Start of Exercise data

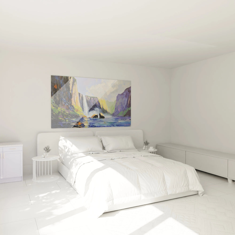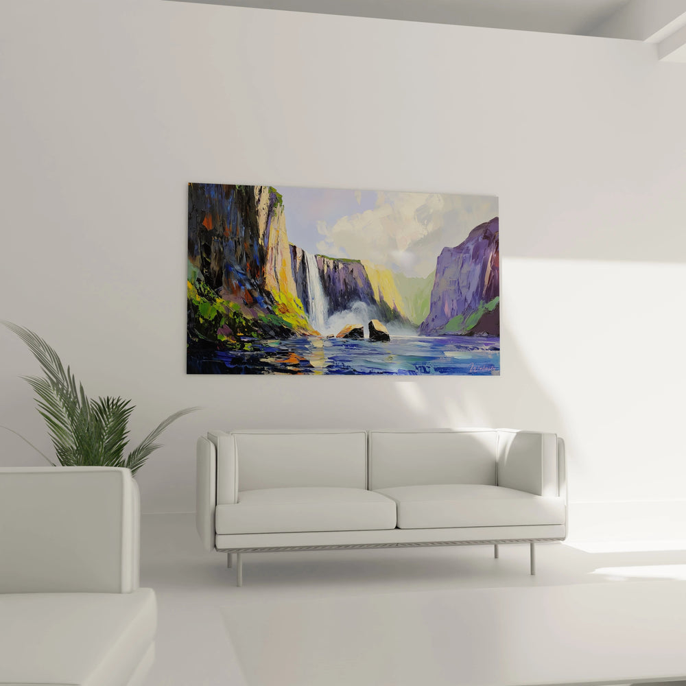 Grâce à une technique maîtrisée mêlant peinture au couteau et coups de pinceau visibles, le relief de la roche se fait presque palpable. Vous pourrez presque sentir la texture rugueuse des falaises violettes et bleues, là où la nature se fait sculpture vivante. La cascade, dynamique et lumineuse, crée une vibration optique intense, une danse entre fluidité et majesté qui anime votre espace.
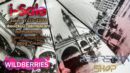 ► ЗОНТ YZ13-2203 ЖЕНСКИЙ АВТОМАТ, АНТИВЕТЕР, СЕРЕБРО ''ГОРОД СНИЗУ" 🔴 РАСПАКОВКА 📦 И ОБЗОР ⬇️
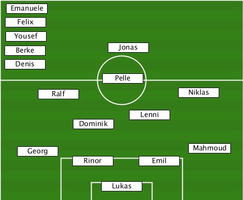 --Emanuele----------------------- --Felix-------------------------- --Yousef------------------------- --Berke----------Jonas------------ --Denis-------------------------- ---------------Pelle------------- ------Ralf----------------Niklas-- ------------------Lenni---------- -----------Dominik--------------- ----Georg------------------Mahmoud -----------Rinor-----Emil--------- ---------------Lukas-------------
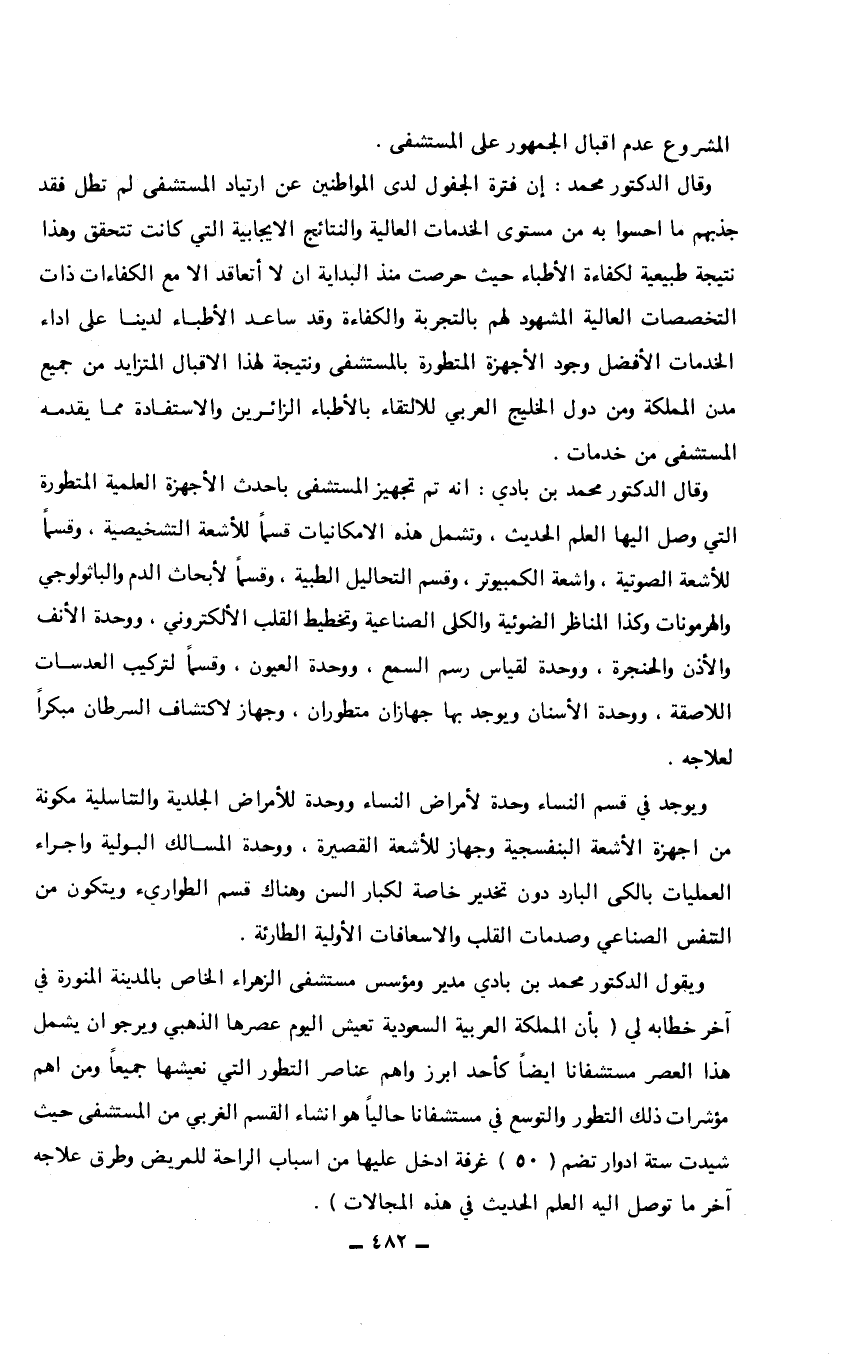 وقال الدكتور محمد: إن فترة الجفول لدى المواطنين عن ارتياد المستشفى لم تطل فقد جذبهم ما احسوا به من مستوى الخدمات العالية والنتائج الايجابية التي كانت تتحقق وهذا نتيجة طبيعة لكفاءة الأطباء حيث حرصت منذ البداية أن لا أتعاقد إلا مع الكفاءات ذات التخصصات العالية المشهود لهم بالتجربة والكفاءة وقد ساعد الأطباء لدينا على أداء الخدمات الأفضل وجود الأجهزة المتطورة بالمستشفى ونتيجة لهذا الاقبال المتزايد من جميع مدن المملكة ومن دول الخليج العربي للالتقاء بالأطباء الزائرين والاستفادة مما يقدمه المستشفى من خدمات. وقال الدكتور محمد بن بادي: أنه تم تجهيز المستشفى باحدث الأجهزة العلمية المتطورة التي وصل إليها العلم الحديث، وتشمل هذه الامكانيات قسماً للأشعة التشخيصية، وقسماً للأشعة الصوتية، وأشعة الكمبيوتر، وقسم التحاليل الطبية، وقسماً لأبحاث الدم والباثولوجي والهرمونات وكذا المناظر الضوئية والكلى الصناعية وتخطيط القلب الألكتروني، ووحدة الأنف والأذن والحنجرة، ووحدة لقياس رسم السمع، ووحدة العيون، وقسماً لتركيب العدسات اللاصقة، ووحدة الأسنان ويوجد بها جهازان متطوران، وجهاز لاكتشاف السرطان مبكراً لعلاجه. ويوجد في قسم النساء وحدة لأمراض النساء ووحدة للأمراض الجلدية والتناسلية مكونة من أجهزة الأشعة البنفسجية وجهاز للأشعة القصيرة، ووحدة المسالك البولية واجراء العمليات بالكلى البارد دون تخدير خاصة لكبار السن وهناك قسم الطواريء ويتكون من التنفس الصناعي وصدمات القلب والاسعافات الأولية الطارئة. ويقول الدكتور محمد بن بادي مدير ومؤسس مستشفى الزهراء الخاص بالمدينة المنورة في آخر خطابه لي (بأن المملكة العربية السعودية تعيش اليوم عصرها الذهبي ويرجو أن يشمل هذا العصر مستشفانا أيضاً كأحد أبرز واهم عناصر التطور التي نعيشها جميعاً ومن أهم مؤشرات ذلك التطور والتوسع في مستشفانا حالياً هو انشاء القسم الغربي من المستشفى حيث شيدت ستة أدوار تضم (50) غرفة ادخل عليها من أسباب الراحة للمريض وطرق علاجه آخر ما توصل إليه العلم الحديث في هذه المجالات).…
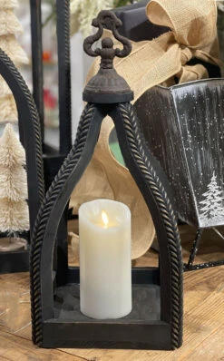 Holiday Flameless Candle Lantern With Pinecone Decor – 11 Inch
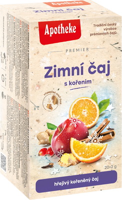 Apotheke Premier selection Zimný čaj s korením 20 x 2 gVšetko o produkteDoplňujúce informácieHodnotenie produktuČaj je výborný nielen v zime na zahriatie, ale aj v lete ich možno po vychladení použiť ako osviežujúci nápoj. Vychutnajte si príjemné chvíle strávené pri šálke lahodného čaju. Extra silná chuť a výrazná vôňa.
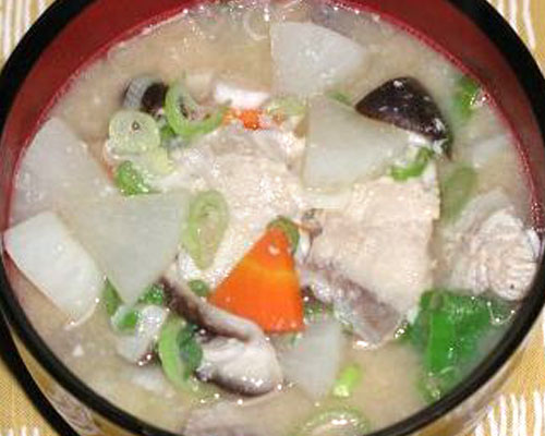 - 沸騰したらアクを取り酒粕を入れ、フタをし弱火で野菜が柔らかくなるまで煮ます。
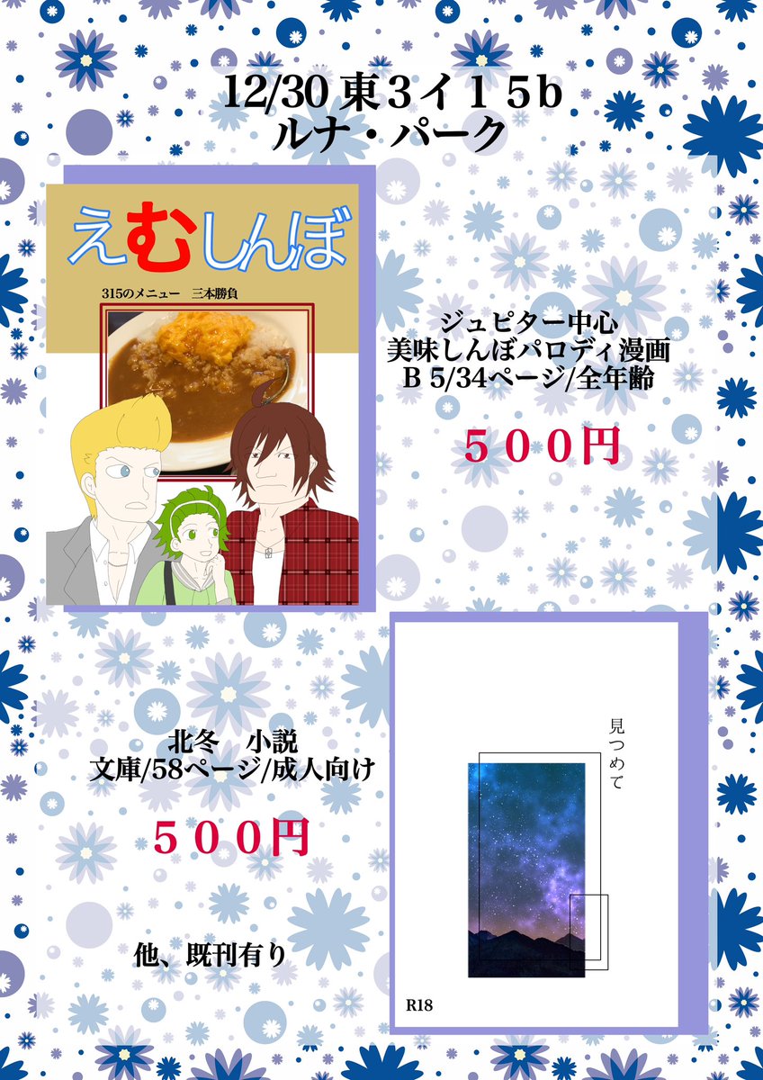 あなたのサークル「ルナ・パーク」は、コミックマーケット101で「金曜日東地区 "イ " 15b」に配置されました!コミケWebカタログにてスペース配置場所公開中です! webcatalog.circle.ms/Circle/Map/168… #C101WebCatalog 冬コミ受かりました!北冬小説と、Jupiterの美味しんぼパロ漫画の新刊を発行予定です!

End of Exercise data

Assignment =>
Only the lines from the one with "- 沸騰したらアクを取り酒粕" through the last line above belong in the answer. Reproduce them exactly, without the pictures.

Written reply =>
 - 沸騰したらアクを取り酒粕を入れ、フタをし弱火で野菜が柔らかくなるまで煮ます。
 あなたのサークル「ルナ・パーク」は、コミックマーケット101で「金曜日東地区 "イ " 15b」に配置されました!コミケWebカタログにてスペース配置場所公開中です! webcatalog.circle.ms/Circle/Map/168… #C101WebCatalog 冬コミ受かりました!北冬小説と、Jupiterの美味しんぼパロ漫画の新刊を発行予定です!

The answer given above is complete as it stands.